Reproduce the material below only from the line with "2、双击屏幕后向右移动,会发" to the line with "6、如图,我们获得了手雷,点", both included, keeping each line exact and dropping the pictures.

RECORD EXTRACTS ▸
-------------------------
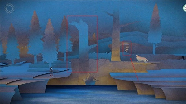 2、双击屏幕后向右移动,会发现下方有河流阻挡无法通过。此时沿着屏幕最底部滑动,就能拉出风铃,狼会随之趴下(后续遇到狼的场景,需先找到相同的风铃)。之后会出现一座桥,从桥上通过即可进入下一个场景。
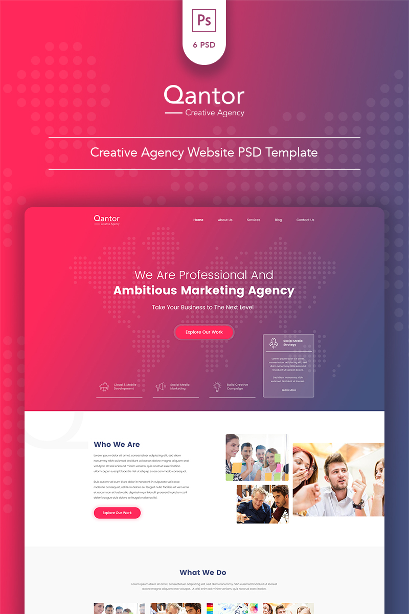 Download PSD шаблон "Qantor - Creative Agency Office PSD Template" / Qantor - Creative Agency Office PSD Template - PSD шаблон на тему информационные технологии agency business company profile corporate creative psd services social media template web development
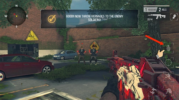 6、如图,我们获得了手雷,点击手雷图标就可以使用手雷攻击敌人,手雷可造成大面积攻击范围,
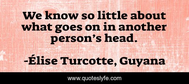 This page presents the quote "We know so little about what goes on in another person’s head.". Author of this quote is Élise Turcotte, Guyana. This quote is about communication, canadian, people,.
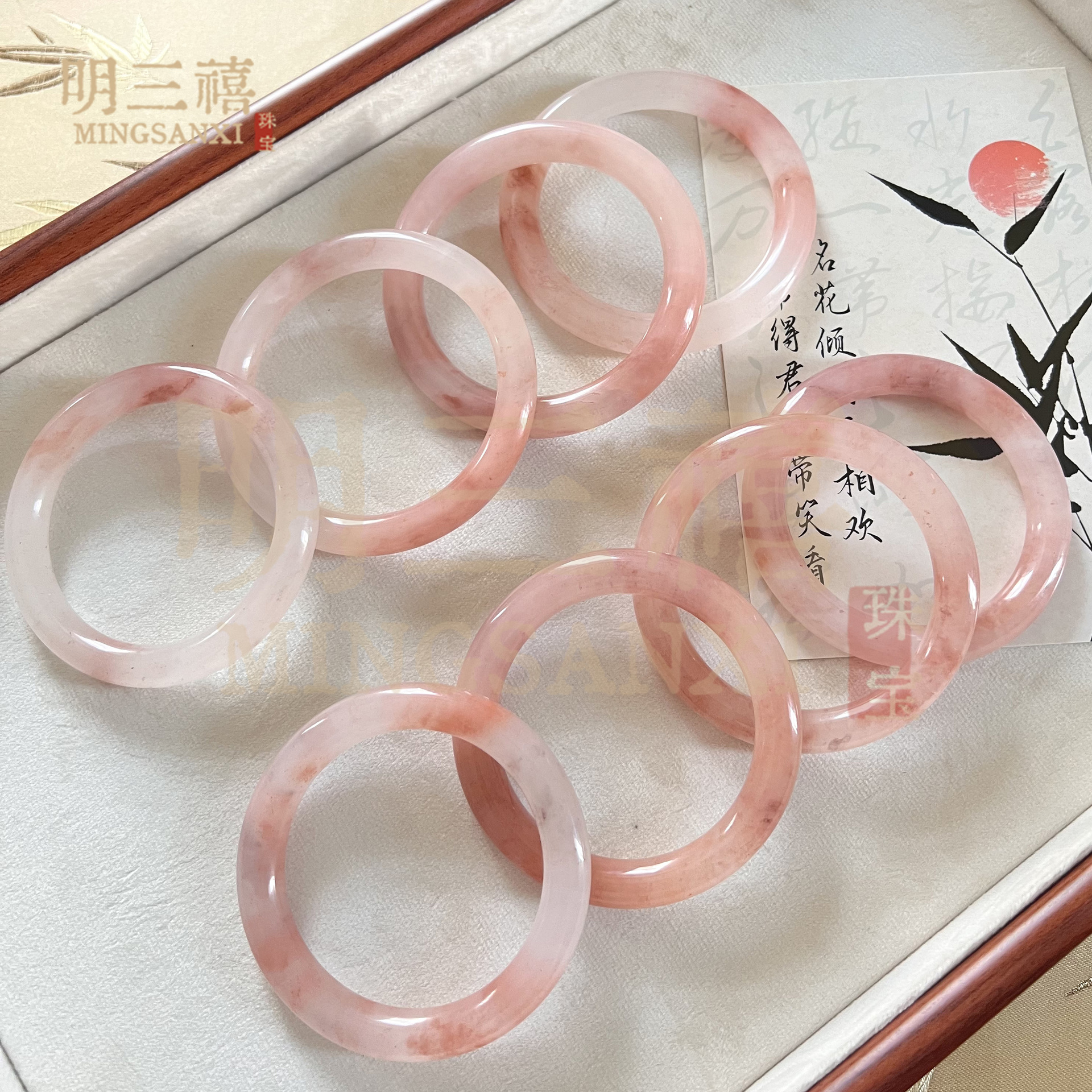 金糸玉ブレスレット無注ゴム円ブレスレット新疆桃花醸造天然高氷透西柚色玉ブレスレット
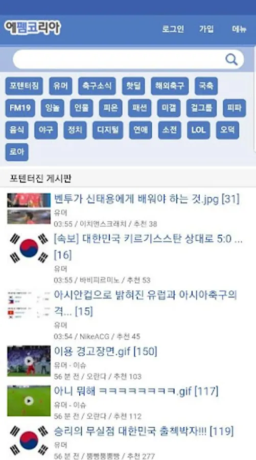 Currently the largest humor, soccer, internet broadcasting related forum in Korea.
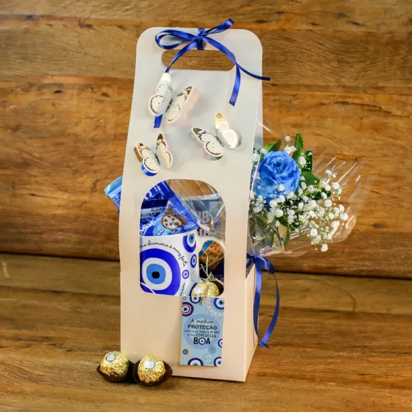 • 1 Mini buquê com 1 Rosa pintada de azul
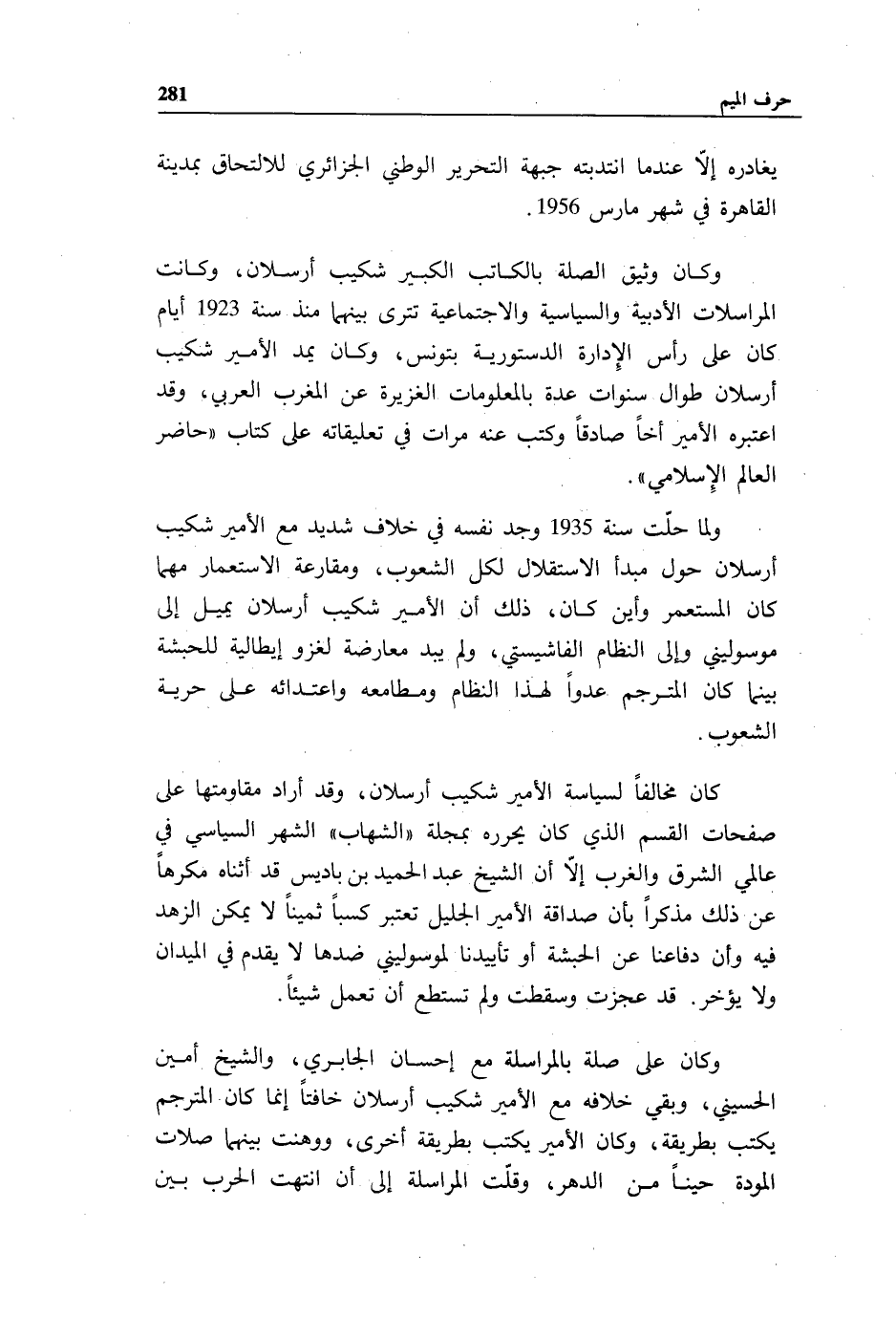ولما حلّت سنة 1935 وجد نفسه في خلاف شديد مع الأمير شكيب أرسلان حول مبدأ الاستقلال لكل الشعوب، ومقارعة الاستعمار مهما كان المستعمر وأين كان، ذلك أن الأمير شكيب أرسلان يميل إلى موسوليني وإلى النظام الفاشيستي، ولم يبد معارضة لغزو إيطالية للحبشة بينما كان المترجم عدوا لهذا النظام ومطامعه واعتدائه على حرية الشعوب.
-------------------------
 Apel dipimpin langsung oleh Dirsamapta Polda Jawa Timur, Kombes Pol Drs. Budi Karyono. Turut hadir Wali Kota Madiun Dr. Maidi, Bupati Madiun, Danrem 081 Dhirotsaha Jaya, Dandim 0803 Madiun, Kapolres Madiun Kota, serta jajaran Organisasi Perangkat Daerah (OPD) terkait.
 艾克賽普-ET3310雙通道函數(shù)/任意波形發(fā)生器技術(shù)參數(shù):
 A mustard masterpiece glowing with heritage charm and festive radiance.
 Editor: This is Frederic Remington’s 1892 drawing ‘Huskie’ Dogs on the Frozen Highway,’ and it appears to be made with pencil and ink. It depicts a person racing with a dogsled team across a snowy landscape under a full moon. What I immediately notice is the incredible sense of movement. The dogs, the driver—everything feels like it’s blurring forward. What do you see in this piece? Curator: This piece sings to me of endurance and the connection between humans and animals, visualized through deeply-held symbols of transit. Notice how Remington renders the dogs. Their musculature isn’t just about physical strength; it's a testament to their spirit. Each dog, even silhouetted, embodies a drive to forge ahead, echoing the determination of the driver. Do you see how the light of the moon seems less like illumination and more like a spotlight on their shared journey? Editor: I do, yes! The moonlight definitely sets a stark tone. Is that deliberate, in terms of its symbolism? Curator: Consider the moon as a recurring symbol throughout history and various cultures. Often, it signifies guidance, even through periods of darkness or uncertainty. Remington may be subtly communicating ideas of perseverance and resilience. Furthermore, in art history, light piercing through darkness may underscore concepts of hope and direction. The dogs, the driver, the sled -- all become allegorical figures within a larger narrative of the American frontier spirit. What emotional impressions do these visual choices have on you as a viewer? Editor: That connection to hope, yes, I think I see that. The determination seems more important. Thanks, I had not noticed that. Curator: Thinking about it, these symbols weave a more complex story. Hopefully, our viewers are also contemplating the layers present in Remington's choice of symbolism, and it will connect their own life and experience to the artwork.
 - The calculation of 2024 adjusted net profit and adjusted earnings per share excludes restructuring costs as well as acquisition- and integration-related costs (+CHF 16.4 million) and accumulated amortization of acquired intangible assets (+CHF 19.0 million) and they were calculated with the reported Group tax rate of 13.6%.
-------------------------
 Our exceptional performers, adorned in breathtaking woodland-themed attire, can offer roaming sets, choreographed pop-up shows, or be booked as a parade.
-------------------------
ANSWER ▸
 2、双击屏幕后向右移动,会发现下方有河流阻挡无法通过。此时沿着屏幕最底部滑动,就能拉出风铃,狼会随之趴下(后续遇到狼的场景,需先找到相同的风铃)。之后会出现一座桥,从桥上通过即可进入下一个场景。
 Download PSD шаблон "Qantor - Creative Agency Office PSD Template" / Qantor - Creative Agency Office PSD Template - PSD шаблон на тему информационные технологии agency business company profile corporate creative psd services social media template web development
 6、如图,我们获得了手雷,点击手雷图标就可以使用手雷攻击敌人,手雷可造成大面积攻击范围,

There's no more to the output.